Leider (und trotz aller Bemühungen meinerseits) ließ es die Rechtslage nicht zu, unter der Firmierung SPAR weiterzumachen, so dass hier ab spätestens Mitte 2013 ein gelb-blaues "E" über meiner Tür prangen wird.

Den Kunden dürfte es vermutlich sogar egal sein. Das Team bleibt das selbe und selbst im Sortiment wird sich nicht sehr viel verändern. Vor allem auch die Sortimente, die uns hier auszeichnen (Bio und Fair), bleiben in vollem Umfang erhalten. Das war mir bei der Umgestaltung des Marktes natürlich besonders wichtig.

Bei einigen Warengruppen werden wir Abstriche machen, vor allem auch im Non-Food-Bereich, aber ich denke, dass wir damit ganz gut leben können. Dafür wird der Laden insgesamt etwas "luftiger" gestaltet. Überhaupt wird das natürlich ein Anlass dazu sein, hier einmal komplett zu renovieren.
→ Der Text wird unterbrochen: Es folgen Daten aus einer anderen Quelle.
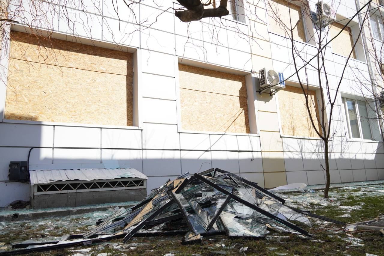 Повреждены помещения школы, центральной городской больницы, областного центра экстренной медицинской помощи, водоканала.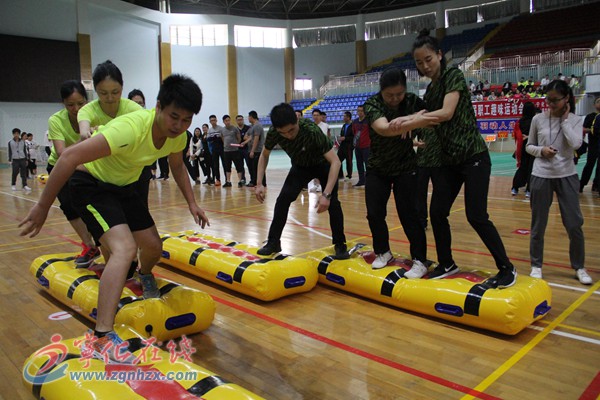 ??? 在同舟共濟接力賽中,6名運動員分成兩組,先由3名運動員站上氣墊,踩著兩塊氣墊交替前進,齊心協力以最快速度向終點奔跑,然后再由另外3名運動員接力下去。公安局工會代表隊是第一組出賽,運動員們矯健的身姿,活躍的表現瞬間吸引了大家的注意力,當其中一名隊員掉落在地,只能回到起點重新比賽時,現場觀眾紛紛為其感到可惜。
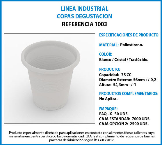 Ficha Técnica Línea Industrial - COPAS DEGUSTACION POLIESTIRENO 1003

Wer hier ein- und ausgeht, weiß, dass das dringend notwendig ist. Weiß ich selber auch schon lange, aber mit der bevorstehenden "Komplettsanierung" war und ist es unsinnig, hier noch viel Geld in einen neuen Anstrich zu investieren.
Ansonsten wird sich gar nicht so viel verändern. Die Kühlregale bleiben da stehen, wo sie immer waren, die Getränkeabteilung bleibt in der Ecke vor der Lagertür und Wein und Spirituosen gibt es wie jetzt auch in der vorderen linken Ladenecke. Aber Details dazu werden noch in den nächsten Monaten folgen.
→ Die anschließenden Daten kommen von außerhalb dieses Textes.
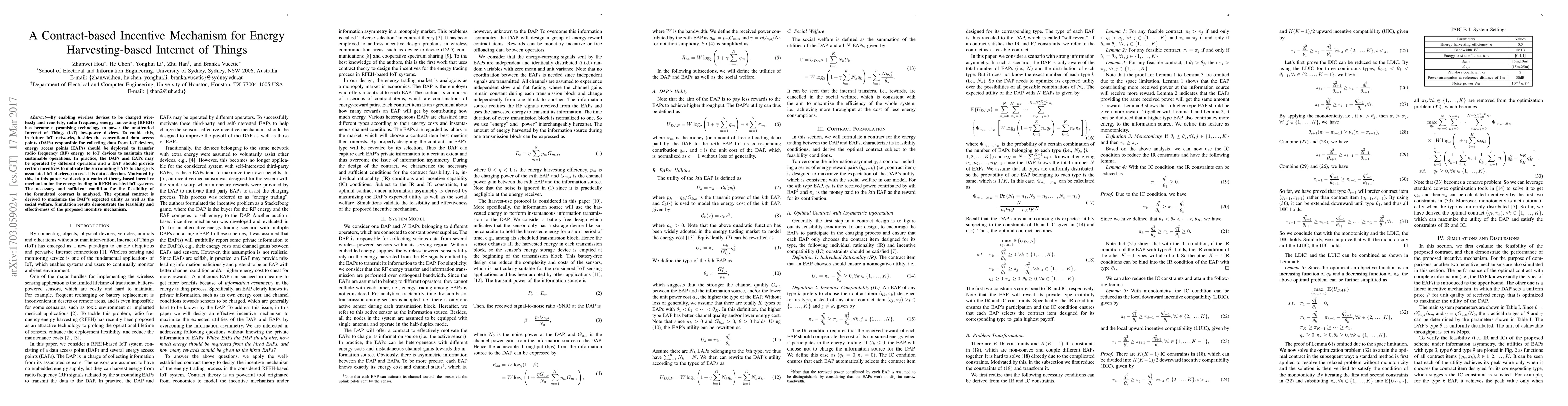 This paper proposes a contract-based incentive mechanism to motivate energy access points (EAPs) to charge IoT devices for data collection, leveraging radio frequency energy harvesting (RFEH). The optimal contract maximizes both the data access point's (DAP) utility and social welfare, with simulation results validating its feasibility and effectiveness.

Meine größte Befürchtung ist tatsächlich, und lacht darüber jetzt bitte nicht, dass die ganzen Idioten, denen wir im Laufe der vergangenen zwölf Jahre erfolgreich Hausverbot erteilt haben, das als Einladung ansehen und sich berufen fühlen, hier wieder aufzukreuzen…

Bio-Geflügel wird teurer…

Ab heute können interessierte Kunden hier bei mir offiziell unterschiedliches Bio-Weihnachtsgeflügel vorbestellen. Ich habe doch geschluckt, als ich das Plakat eben ausgedruckt habe, denn manche Artikel mussten wir deutlich anheben. :-O

Für jeden, der sich's leisten kann oder will: Die Qualität ist, und das kann ich aus eigener Erfahrung sagen, absolut top!


Frischback e.K.

Der offizielle Name meiner Firma lautet "Neustädter Frischmarkt e.K.", was zugegebenermaßen zwar etwas einfallslos ist, aber ich brauchte damals auf die Schnelle irgendeinen Namen.

Viele Leute lesen oder verstehen den Namen falsch und schreiben stattdessen ihre eigene Interpretation nieder. "Frischemarkt" ist die harmloseste Variation davon, "Fischmarkt" die vermutlich gängigste.